In 1976, with funding from the Exxon Corporation, this station, as well as three others citywide, received new "artfully humorous graffiti" murals and artwork. Local designer Mayers and Schiff received $5,000 to add murals of dinosaurs such as "Thesaurus Rex, the dinosaur that had a vocabulary of a thousand words" and "Elongatomus, an elongated critter that stretched from coast to coast whose pelvic remains support a highway interchange in Missouri."

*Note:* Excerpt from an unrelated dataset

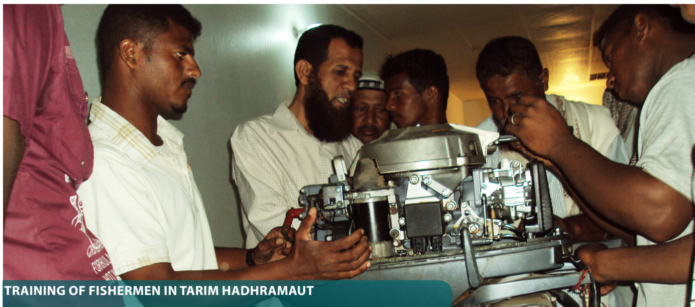
TRAINING OF FISHERMEN IN TARIM HADHRAUT

YMN conducted a workshop titled (Rural and Agricultural Finance "RAF") on January 30th 2013, with 24 participants from various MFIs in Sana'a and the World bank, European Union, GIZ and Islamic Relief attending. During the workshop, the RAF status in Yemen and the obstacles hurdling potential RAF expansion were discussed. YMN also conducted in February 2013 a training course on Effective Communication Skills and Dealing with Customers attended by 23 participants from various MFIs as well as another course on Promotion Methods and Sale Skills in a Competitive Environment attended by 22 participants (8 females) from YMN's member MFIs. Similarly, YMN conducted a workshop on Corporate Governance in cooperation with the International Finance Corporation (IFC). The workshop, attended by 24 trainees (10 female), targeted MFIs' Boards of Directors to ensure more effective and influencing role of the latter. In March, YMN held (in cooperation with Sanabel) a training course on Financial Analysis using the SEEP FAF, with 24 participants from various organizations including from Jordanian MFIs attending, as well as another course on The Art of Effective Negotiation, which was attended by 24 male and 9 female participants. The course, targeting various MFIs, focused on the theoretical and practical aspects of negotiation art skills.

As part of the 1998–2000 station renovation, a program of tile mosaics was undertaken, covering the stairs and platforms, extending to floor inlays. Stairwells evoke descending into the geological strata of the Earth (at 81st Street) or into the Ocean (79th Street). Many creatures are evoked in mosaic vignettes that punctuate the stretches of white tiled wall. Fossil casts seem to emerge from the tiles as though the subway platform itself were an excavation, which it actually is. Under the Metropolitan Transportation Authority (MTA)'s Arts for Transit program, a mixed-media installation was created in 2000. Entitled "For Want of a Nail", named after the old proverb, it addresses the interconnections of entities that are as vast as a galaxy and as small as a single cell. Using ceramic tile, glass tile, glass mosaic, bronze relief, and granite as primary materials, the design team depicted the evolution of extinct, existing, and endangered life forms, from single-celled organisms to the towering T. rex dinosaur. It shows images and symbols ranging from the Earth's core, to the sea, the sky and the cosmos beyond. No artist has been identified in this group project.

== In media ==
The station has been featured in the 2002 film Men in Black II. The station was also mentioned in Night at the Museum.